As Benihana grew, so did Rocky's aspirations. He began collecting -- paintings, antiques, apartments, cars, women, kids. . . . "I have seven. I try to make sure they are all OK, but it's not always easy."

He is, he declares, a challenger. "I want to challenge everything." Which explains the drive that made him backgammon champion of the U.S. in 1975. Also why he went into power boat racing. And in 1982 won the world record for crossing the Pacific in a hot air balloon. "Richard Branson copied me. But that's OK."

Such a daredevil life took its toll over the years. Twenty-two broken bones. A Dacron aorta. Loss of spleen and other bits and pieces. Hepatitis C. Life, Rocky admits, became pretty miserable; if Keiko had not come onto the scene, he wonders what might have become of him. "Now I'm a health freak. I don't even drink."

Such an admission makes his latest enterprise even more interesting: a coals to Newcastle kind of project being launched in Japan that aims to make its famed rice wine better known and appreciated all over the world. "We want to make sake international."

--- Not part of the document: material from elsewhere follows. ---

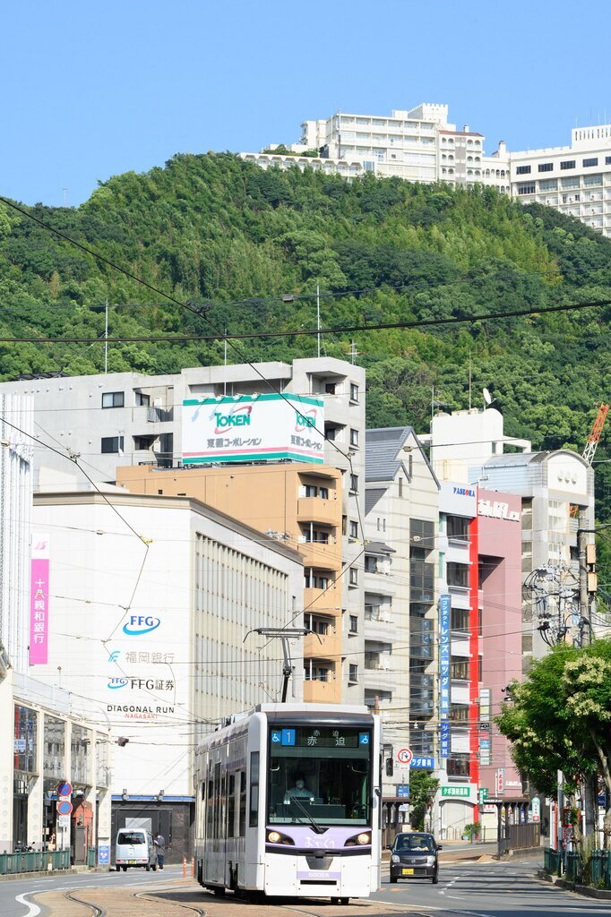背景の山の上に見える建物は、市街と港を一望できるというのが売りのホテル「矢太樓(やたろう)」です。もしかするとホテルから路面電車も撮れるのかもしれません。気になりますね。

This three-day trip has been concerned with preparing the red carpet for the sake tour later in the month and, being a sports enthusiast, making a speech at a panel discussion at the Palace Hotel between baseball coaches, managers and management organized by Sadaharu Oh. "We were looking at the business challenges facing the sport. I told them that running a baseball team is no different to running a restaurant. Then explained why."

The return trip from Feb. 8 looks to be far more demanding. Because Rocky has been honored with many awards, he regards himself as a cultural bridge and wants to give something back. Working within the framework of the Yokoso Japan project, which aims to bring many more tourists to Japan, the couple are promoting sake, and Keiko is working on a cookbook.

They founded a sake club in New York, with some 200 members, mostly American but not all, and 50-50 men and women. The delegation of 20 will be at the FCCJ Sake (Hanakobo) Nouveau Tasting at the club today from 6 p.m., with 90 rice wines from 30 leading "hanakobo" ("flower yeast") sake makers. More can be tasted tomorrow at a noh performance at the National Noh Theater in Sendagaya from 2 p.m.

Thinking himself lucky not to have landed on the rocks, Rocky has followed the career of Takafumi Horie, founder of Livedoor, with more than a little interest, because, "he's just like me."

Horie wanted to grow, wanted to make money but, "depending too much on other people at the start, dug himself into a pit. He too is a challenger, a doer, but as we are seeing, the outcome is different. All he can do now is go abroad in a few years, start again."

Saying he has similar problems, Rocky resigned as chairman of Benihana, because he might have been seen as an insider trader. "To live," Rocky says, "you have to stay within the law."